Data for the task:
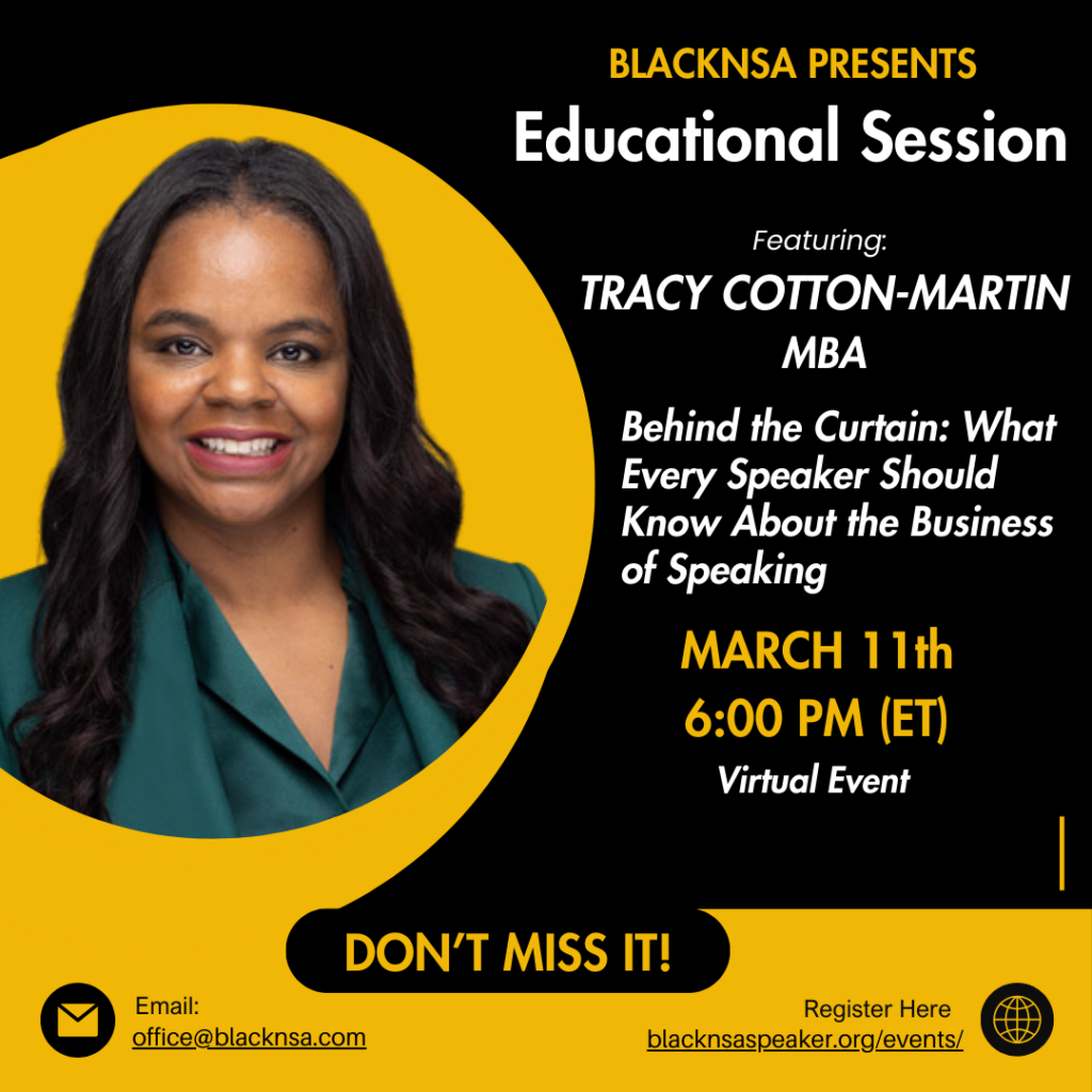 Take your speaking career to the next level with BlackNSA. Whether you’re an established professional or aspiring speaker, we provide the training, resources, and community to build a thriving speaking career.
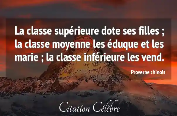 La classe supérieure dote ses filles ; la classe moyenne les éduque et les marie ; la classe inférieure les vend.
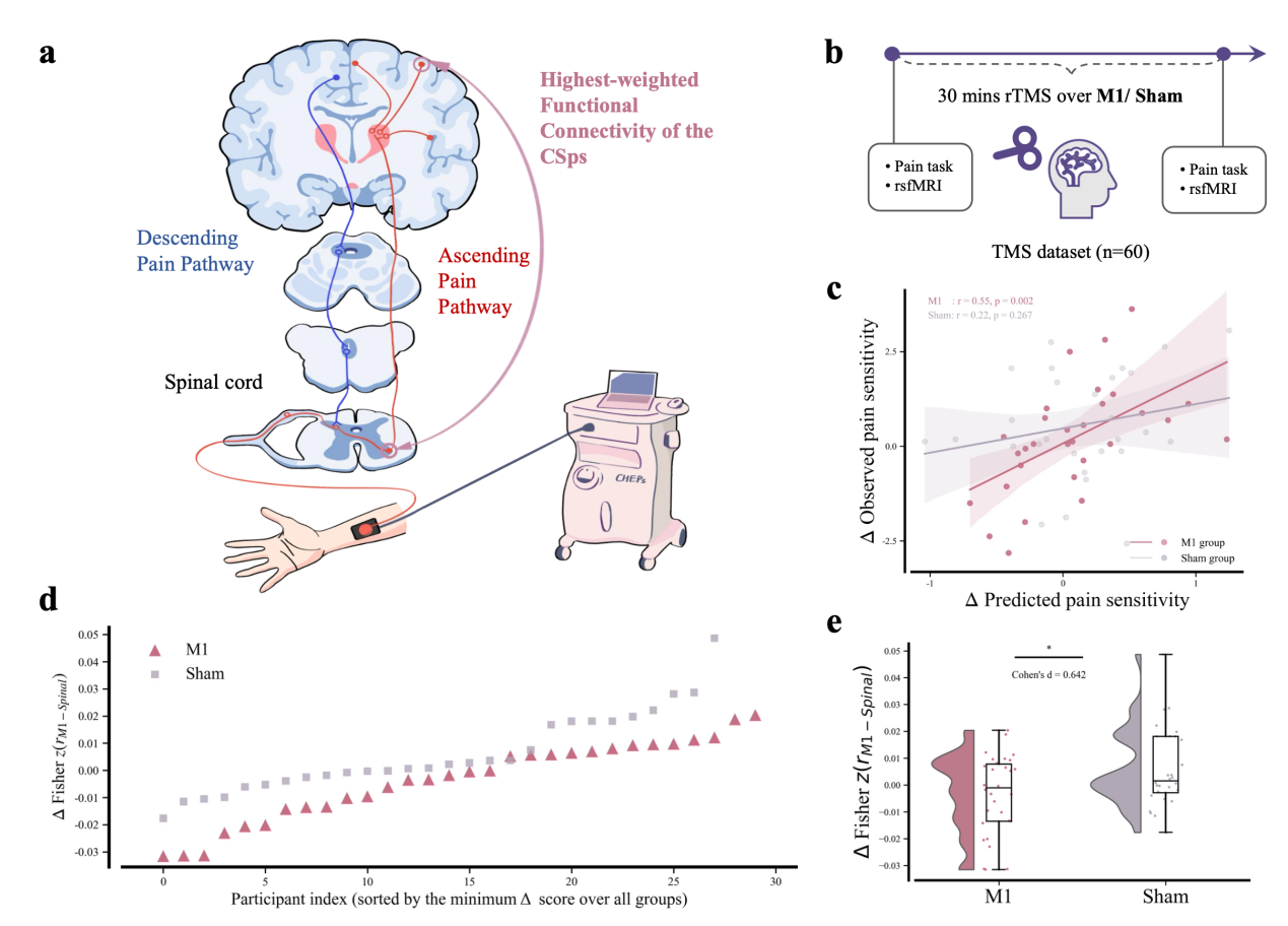 从模型结构看,CSps由一组稀疏连接构成,其中最突出的正向预测通路之一,是运动皮层与颈髓C4腹角之间的连接,形成一条“从皮层到脊髓的纵向整合轴”。基于这一模型指向性证据,研究团队进一步设计了关键的“调控-反馈”环节:在经伪刺激对照的10 Hz重复经颅磁刺激(rTMS)实验中,对M1进行定向扰动,并在刺激前后采集皮层-脊髓静息态成像及疼痛任务数据。结果显示,在真实M1刺激组中,CSps评分变化与疼痛感知变化显著相关(r=0.55),而伪刺激组不显著(图3d-e);同时,运动区-脊髓关键连接也出现与刺激相关的改变(图3c)。
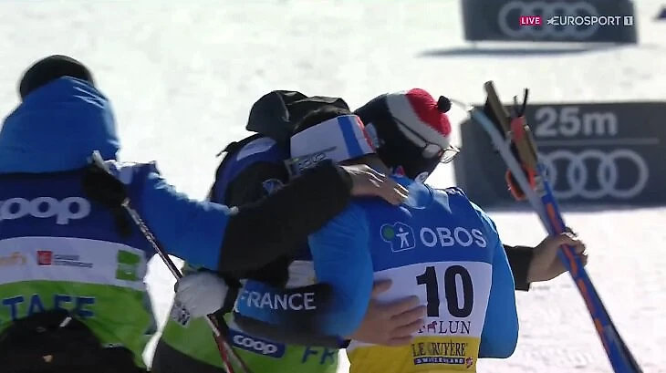 Команда праздновала историческую победу: Жув – первый француз, взявший глобус в лыжах. Да, речь о Малом глобусе, но при гегемонии России и Норвегии – это супердостижение. Уже после финиша Жув отпустил эмоции и почти заплакал, приветствуя трибуны.
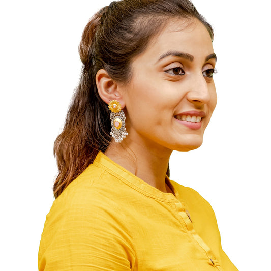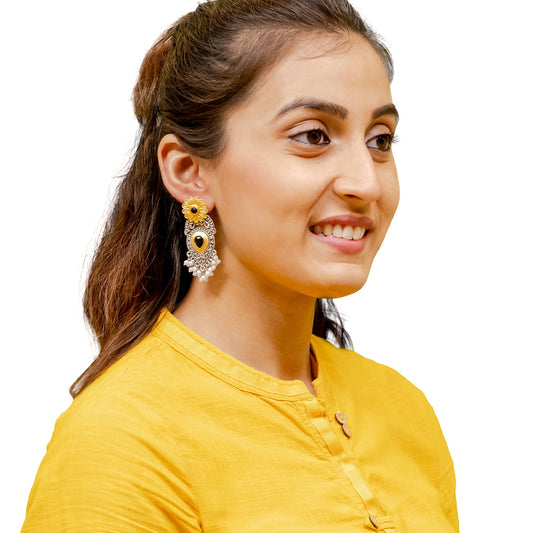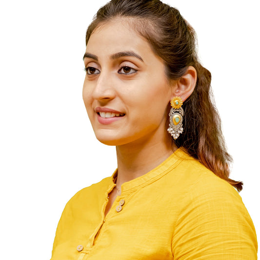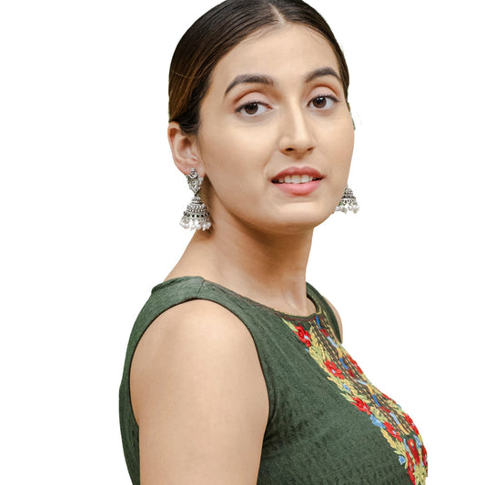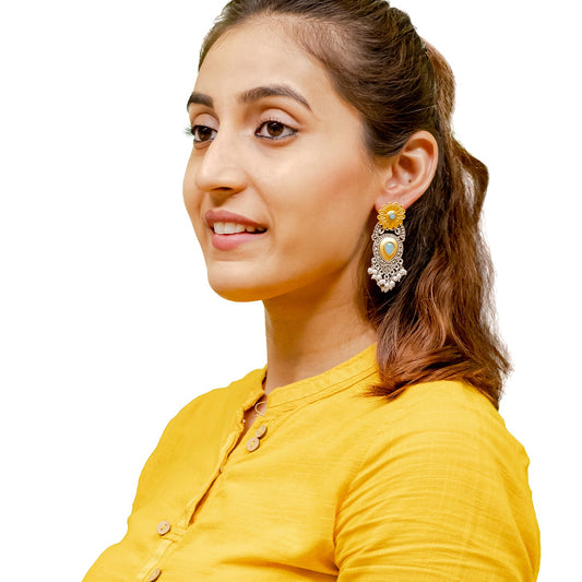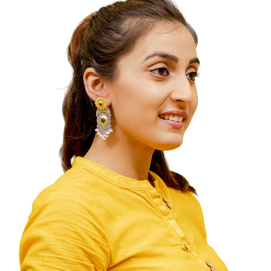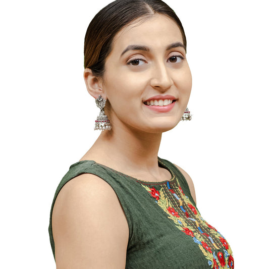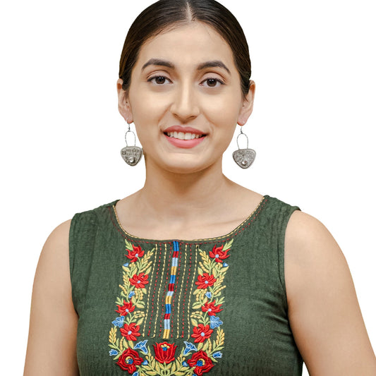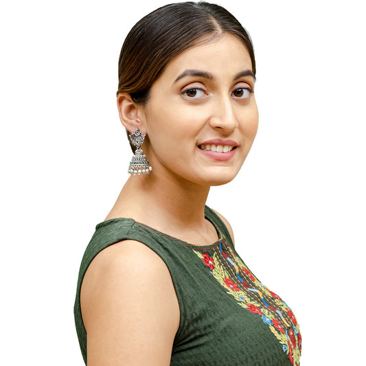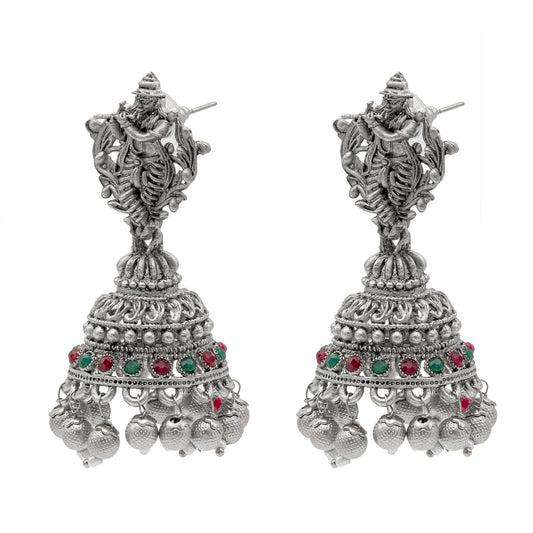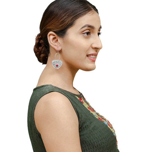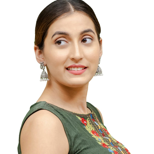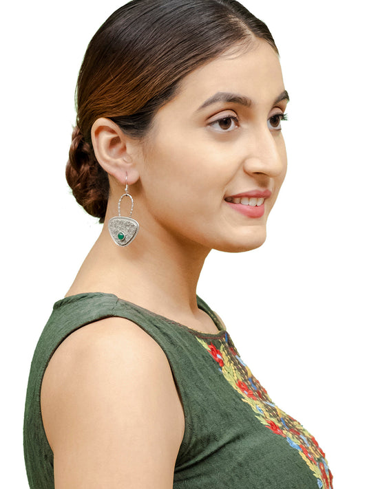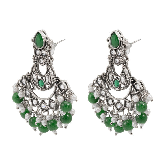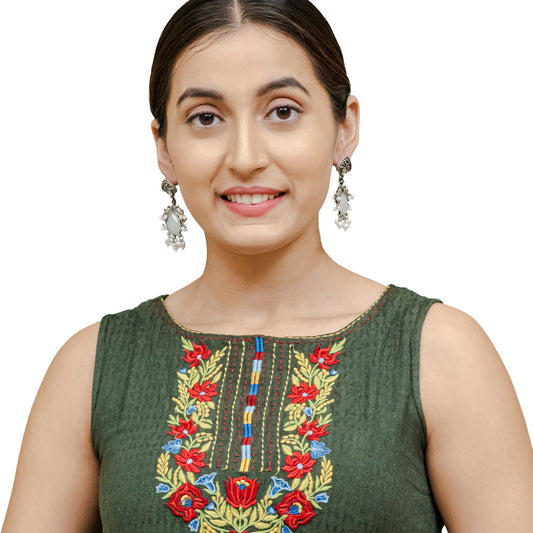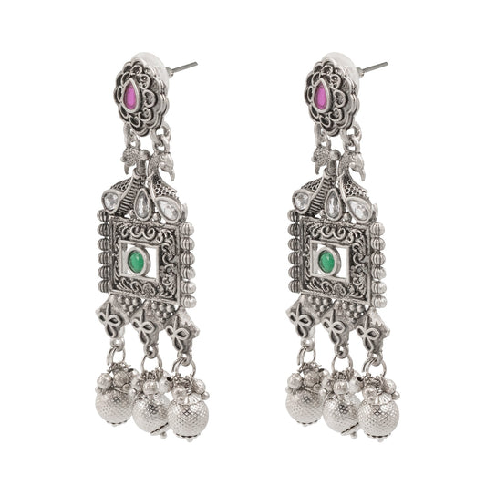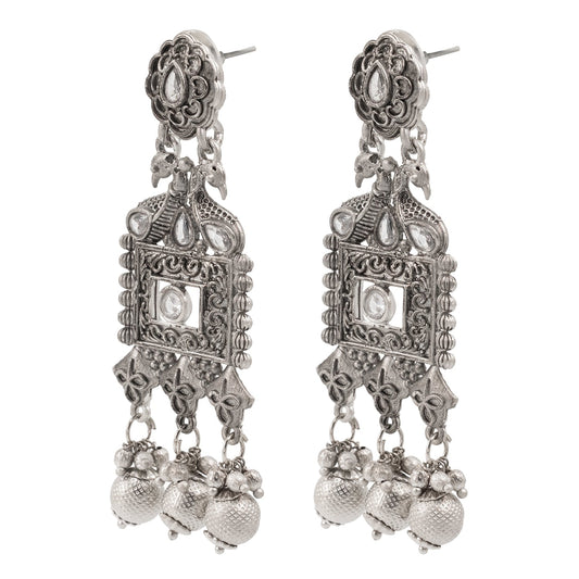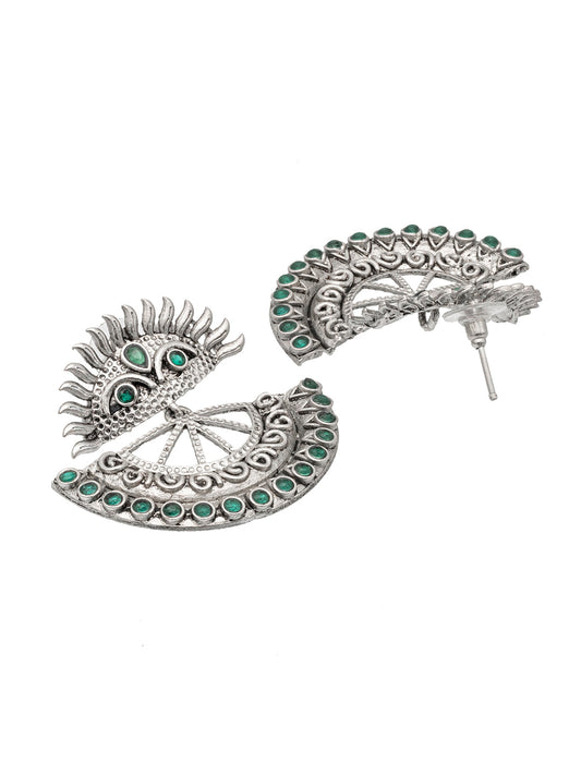 Traditional Indian Matte Silver Oxidised Studded Drop Lea...

What to work on: Pictures aside, write out verbatim every line from the first line of the material through the line holding "La classe supérieure".

Written reply:
 Take your speaking career to the next level with BlackNSA. Whether you’re an established professional or aspiring speaker, we provide the training, resources, and community to build a thriving speaking career.
 La classe supérieure dote ses filles ; la classe moyenne les éduque et les marie ; la classe inférieure les vend.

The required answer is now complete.